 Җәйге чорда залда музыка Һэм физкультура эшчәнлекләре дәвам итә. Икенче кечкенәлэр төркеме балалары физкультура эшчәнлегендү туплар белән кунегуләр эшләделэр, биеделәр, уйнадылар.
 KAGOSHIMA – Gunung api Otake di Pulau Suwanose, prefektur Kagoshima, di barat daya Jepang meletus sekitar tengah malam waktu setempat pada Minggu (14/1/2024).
--------------------
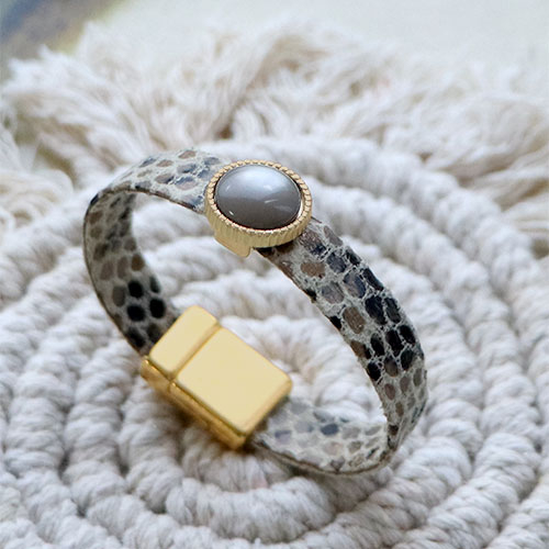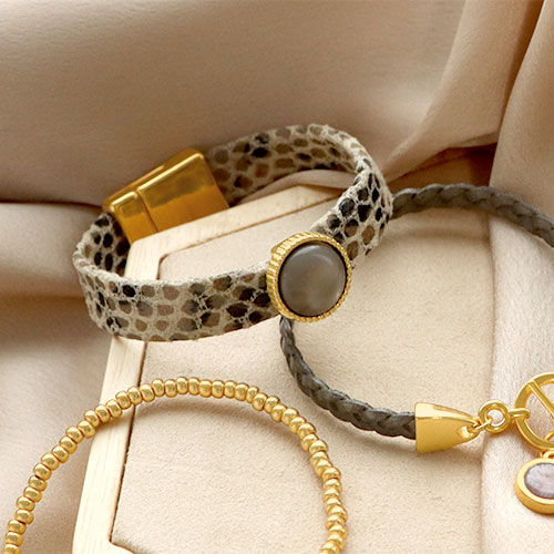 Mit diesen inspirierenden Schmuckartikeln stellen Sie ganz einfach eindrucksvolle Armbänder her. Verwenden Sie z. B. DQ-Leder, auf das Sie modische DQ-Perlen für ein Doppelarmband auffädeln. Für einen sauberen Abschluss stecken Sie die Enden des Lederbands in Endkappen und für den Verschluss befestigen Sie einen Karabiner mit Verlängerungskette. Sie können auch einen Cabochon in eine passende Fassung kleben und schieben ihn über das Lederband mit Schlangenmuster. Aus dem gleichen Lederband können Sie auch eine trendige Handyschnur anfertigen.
--------------------
■ **Exercise goal**: Above are the records; from them, give again exactly the lines from the one containing "Җәйге чорда залда" through the one containing "KAGOSHIMA – Gunung", both included.

■ **Answer**:
 Җәйге чорда залда музыка Һэм физкультура эшчәнлекләре дәвам итә. Икенче кечкенәлэр төркеме балалары физкультура эшчәнлегендү туплар белән кунегуләр эшләделэр, биеделәр, уйнадылар.
 KAGOSHIMA – Gunung api Otake di Pulau Suwanose, prefektur Kagoshima, di barat daya Jepang meletus sekitar tengah malam waktu setempat pada Minggu (14/1/2024).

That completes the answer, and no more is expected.